The weekly winner in Star for a Night brings home a cash prize of P50,000, while the semi-finals prizeruns up to P100,000. For the grand finals, the cash prize is, yes, a whopping P1 million—this, on top of the opportunities for a career in show business. “Naturally, Viva is looking at this talent show as a source of potential future stars, as will other entertainment companies, I’m sure,” Regine said. “That’s why Star for a Night auditions those want to become a contestant in the show because we really want to give a solid platform to those with really good potentials to become a star.”

For Regine’s part, she sees the talent show as her small way of lending a hand to individuals who are struggling her past struggles. “I was very lucky to have been given the opportunities that I got when I was just starting out, and that why I readily agreed to host this show,” said Regine in an early press conference for Star for a Night. Yesterday, she added, “That’s why I also told Viva that instead of having me sing while the judges deliberate their choices near the end of the show, it would be much more interesting if I did a number with all the contestants. That way, the focus will still be on them and not just me.”

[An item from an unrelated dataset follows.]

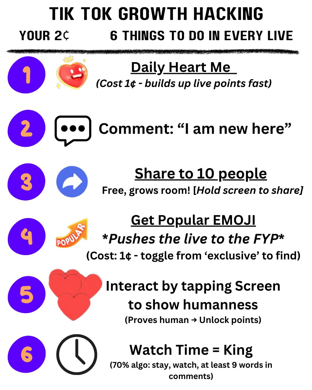 A: Run the 6-step loop: hearts, comments, shares, emoji, taps, watch time.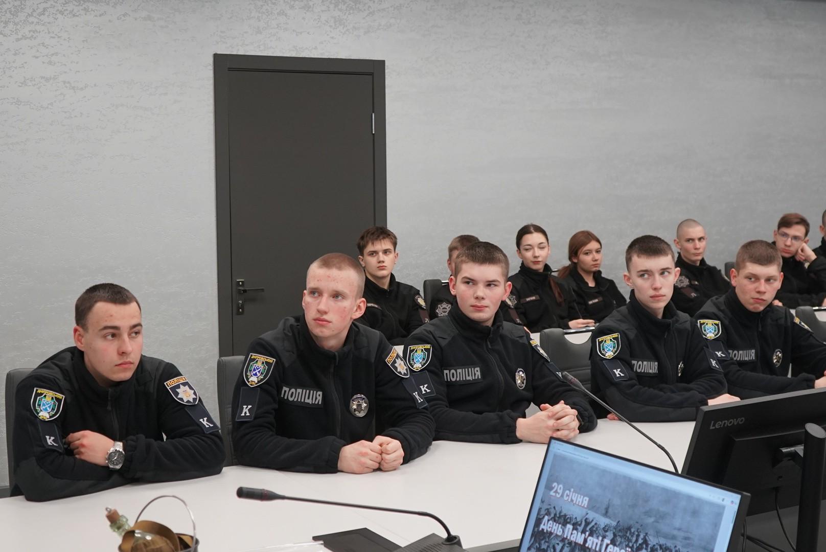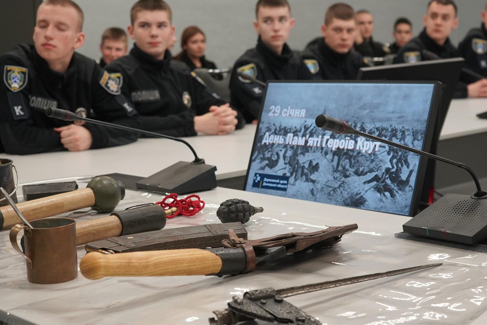 Також у ДДУВС пройшла лекція на тему Бою під Крутами. До заходу долучилися курсанти та вихованці Дніпровського ліцею ім. О. Гостіщева МВС.

All throughout the press conference yesterday, Regine displayed a sense of humor, a flair for the comic, that her romantic comedy outings, individually or even put together, have barely scratched. Which is why it would be a mistake to put her in a big-screen drama—as was suggested during the media face-off—when her comic potentials have not yet been fully exploited, as Julia Roberts bitterly learned when she desperately tried to do a Meryl Streep in such dismal failures as Mary Reilly and Michael Collins. I would wager that if Roberts had approached Erin Brockovich with all the serious-actress trappings she employed for the aforementioned failures, not only would the Steven Soderbergh film been a huge disappointment at the box office but also she wouldn’t be the Oscar-winning actress she now is.

Of course, in this year’s Academy Awards—which unfolds on Saturday in the U.S.—the conventional wisdom is that Crowe, nominated in the Best Actor category for A Beautiful Mind, is well on his way to collecting his second back-to-back Oscar following his triumph last year for Gladiator.

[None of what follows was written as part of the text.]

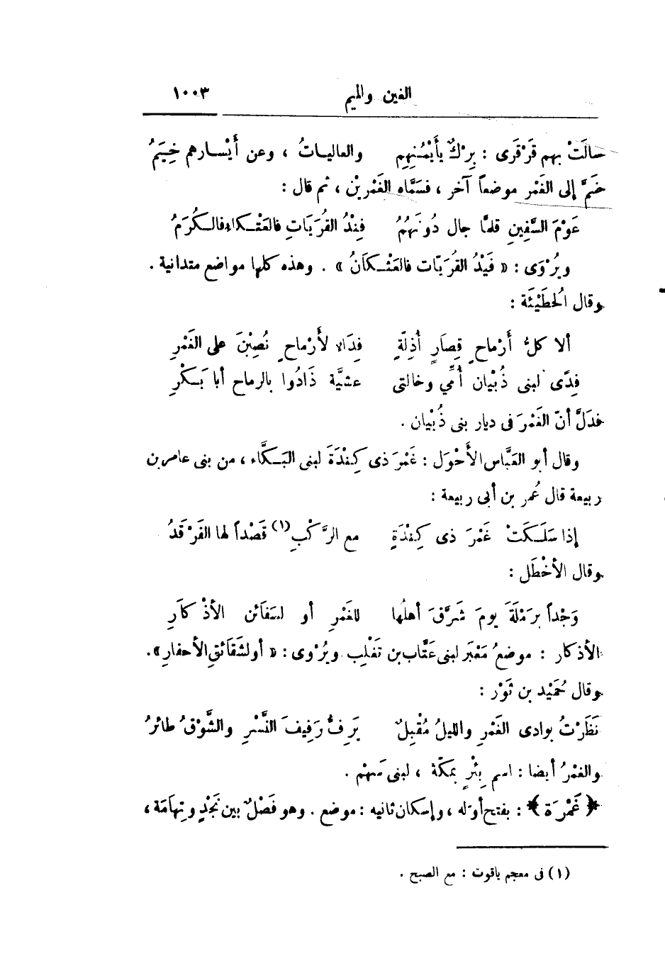فدلّ أنّ الغمر فى ديار بنى ذبيان.

But, as inferred earlier, I don’t just get what all the fuss is about. From the moment director Ron Howard trains his camera on Crowe, the once-admirable Australian has “ACTING” written all over but his forehead, employing just about all the tics that have been used in cinematic portayals of mental impairement that the paranoid schizophrenic John Nash seems like a cross between Dustin Hoffman in Rain Man and Robert De Niro in Awakenings and less a living, breathing character.

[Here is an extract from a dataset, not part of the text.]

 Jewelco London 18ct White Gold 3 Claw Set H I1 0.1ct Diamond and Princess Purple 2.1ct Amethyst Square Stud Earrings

To Regine’s credit, the false note she struck as the painfully withdrawn heroine in Ikaw Lang Hanggang Ngayon appears to be more a failure in direction and not an attempt to stretch a la Julia Roberts in Mary Reilly. In Crowe’s case, he has been quoted as bragging about the complete trust he enjoyed from Howard, who ostensibly allowed him to run away with the role—which he does, indeed, all the way to Never Land.

Strangely enough, for all that much vaunted trust Crowe supposedly enjoyed from Howard, the director appears to have been not all that confident about his actor’s ability to make the audience wholly connect with Nash’s terrifying spiral into madness. Which is why Howard employed that most infantile device in portraying Nash’s paranoid schizophrenia—which, by the way, is even more cheesy than anything in Frank Darabont’s much-maligned The Majestic.